Curio Theatre Company continues to push boundaries as they open their tenth season in West Philadelphia. THE MATTER OF FRANK SCHAEFER is a company-created piece dramatizing the defrockment of a United Methodist Church pastor for performing his gay son’s marriage ceremony in 2007. Directed by Company Manager Gay Carducci Kuhn, the play runs from November 12–December 6, 2014 at the theatre’s home—ironically, in the Calvary United Methodist Church.
Written in a style reminiscent of THE LARAMIE PROJECT and Anna Deavere Smith’s TWILIGHT: LOS ANGELES, 1992 (a docu-drama about the aftermath of the Rodney King beating), Curio’s piece relies on court transcripts and interviews with people involved in the situation to examine not only the church’s views on acceptance of all people, but society’s as well. The entire company worked tirelessly for the past year to create the piece, under the leadership of Artistic Director Paul Kuhn. As recently as the end of last month, Kuhn was in Nashville where Schaefer was on trial for refusing to promise to abide by every letter of UMC law. In addition to banning same-sex marriages, the Church’s “rule book” states that “self-avowed practicing homosexuals are not to be certified as candidates, ordained as ministers or appointed to serve in The United Methodist Church.” But, “all people may attend…” As Kuhn put it: “How Godly, right?” Kuhn said the entire company was fascinated by and drawn to Schaefer’s story—particularly since they had been producing theatre in a portion of an active Methodist Church for a decade (including a “same-sex” version of ROMEO AND JULIET last season).

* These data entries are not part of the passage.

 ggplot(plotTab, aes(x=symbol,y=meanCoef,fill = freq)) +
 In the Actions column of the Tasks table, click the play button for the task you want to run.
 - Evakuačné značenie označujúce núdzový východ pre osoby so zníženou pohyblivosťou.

Schaefer’s troubles started in August of 2007. The then-pastor of Zion United Methodist Church of Iona in Lebanon, PA was asked by his eldest son to perform a marriage ceremony for the son and his partner. Schaefer informed his immediate supervisor and travelled to Cohasset, Massachusetts to perform the ceremony in a private room at a local restaurant. Only family and friends were present. During the intervening years, Schaefer became a quiet advocate for gay rights, ministering to ALL people in his community. Six years later, after numerous disagreements amongst congregants, one of them lodged a complaint against Schaefer. Given a choice to maintain his credentials if he upheld the Church’s version of “Don’t ask-Don’t tell”, Schaefer said he could not. He felt it was not truly Christian to exclude someone from full participation in his or her faith because of sexual orientation. Schaefer was defrocked and Lebanon, Pennsylvania found itself in the center of a media firestorm—much like Laramie, Wyoming did in 1998.

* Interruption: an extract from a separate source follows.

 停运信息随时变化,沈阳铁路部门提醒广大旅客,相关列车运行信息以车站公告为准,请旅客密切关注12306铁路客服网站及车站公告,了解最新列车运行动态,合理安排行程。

All of this played out as the nation slowly started changing laws regarding same-sex marriages state by state. I have two gay brothers—both of whom are in monogamous, loving relationships (one 40 years in length). We used to think women were possessions, but came to realize how erroneous that was; we thought slavery was okay, but fortunately saw the light on that horror as well. Why are we still having such a hard time seeing that the LGBTQ community deserves the same rights as the rest of us? I guess it will take more brave souls like Schaefer and other gay rights activists to continue bravely getting the message out.

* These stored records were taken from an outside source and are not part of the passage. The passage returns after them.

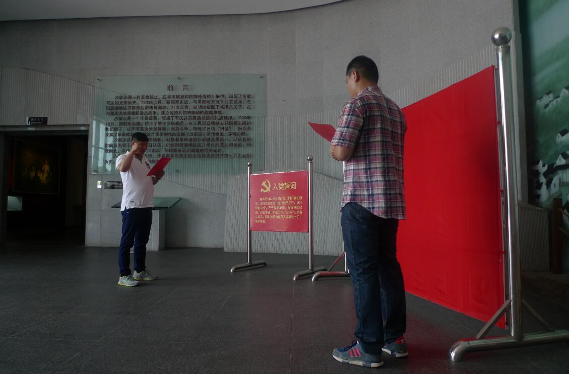 在沙家浜抗日紀念館,新入黨的張仕恩同志面對黨旗莊嚴宣誓,全體黨員也面對著黨旗重溫入黨誓詞,莊嚴向黨宣誓,表達了對黨的忠誠和信仰。短短一天的行程,東進橋、抗日司令部、民俗街、葉飛委員長題詞的照壁、軍民魚水情主題雕塑等等都給我們留下了深刻的印象。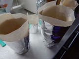 Взяли стеклянные банки 0,5 или 0,7, обернули пергаментом один-два слоя как получится, сверху фольгой слоёв 4. Запас от дна на 5-6см. Аккуратно сняли и закрепили степлером (можно просто сдвинуть вверх и в низ). Одели на банку, дно банки аккуратно завернули пергаментом (можно с надрезами) приложили к дну крышку для консервации без резинки дальше закрываете дно фольгой прижимая, хорошо дном постучите, что бы было устойчива. Снимайте форма готова.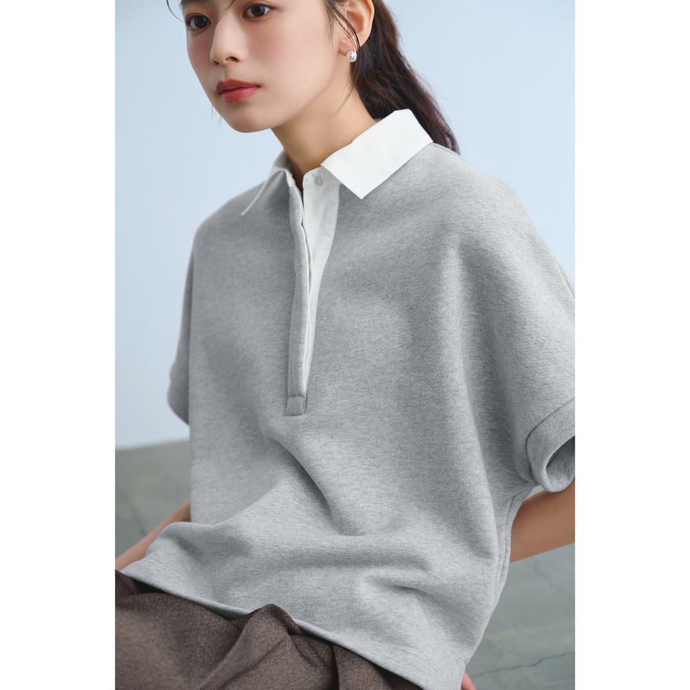 MONO TONE夏の装いが少し気恥ずかしくなってくる晩夏に、シックなモノトーンはうってつけ。フェミニンモードなイメージづくりもお手のもの。取り入れるだけで、魅力的な秋が始まります。綿100%の裏毛カットソーのボディに対し、襟と比翼仕立ての前立ては布帛生地で切り替えてきちんと感を演出。淡いグレーと白のカラーリングもクリーンな印象をかもします。ドルマンスリーブや両脇スリット、前後差のある着丈など、リラックスして着られる一枚。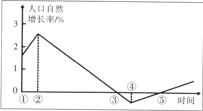 下图为某国人口自然增长率随时间变化示意图。读图,完成下面各题。

THE MATTER OF FRANK SCHAEFER underwent a number of revisions as things kept changing—a conclusive ending could not be written until about three weeks ago. The six-actor ensemble does solid work conveying Rev. Schaefer’s spirit—and that of his family. Kuhn portrays Rev. Schaefer, and beautifully conveys the strength and faith of this man. As eldest son Tim, company member Steve Carpenter touched many hearts showing this young man’s struggle to reconcile his sexuality with his deep-abiding love of his church. Aetna Gallagher, Tina Giavannone, Colleen Hughes and Ken Opdenaker round out the ensemble, playing assorted congregants, UMC hierarchy and residents of Lebanon. Each does a great job of delineating each character, as well as presenting both sides evenly.
There were some line struggles on opening night, but I’m chalking that up to having a number of the people involved in the story in the audience. I know I would find it daunting to have the subject of my play watching me. Knowing the commitment Curio has to truth in their work, I’m sure they want to do Schaefer and his supporters justice.
On the technical side, Kuhn has created an elegantly simple set that allows fluidity as we move from locale to locale. Tim Martin lights it in a rainbow of colors, a not-so-subtle nod to the rainbow stole Schaefer and his supporters wear to show solidarity with the LGBTQ community. Gallagher has given each actor a basic costume of black pants and shirt, onto which they add appropriate pieces to signify the characters they are portraying. In addition, Daniel Ison has provided a lovely, gentle soundscape.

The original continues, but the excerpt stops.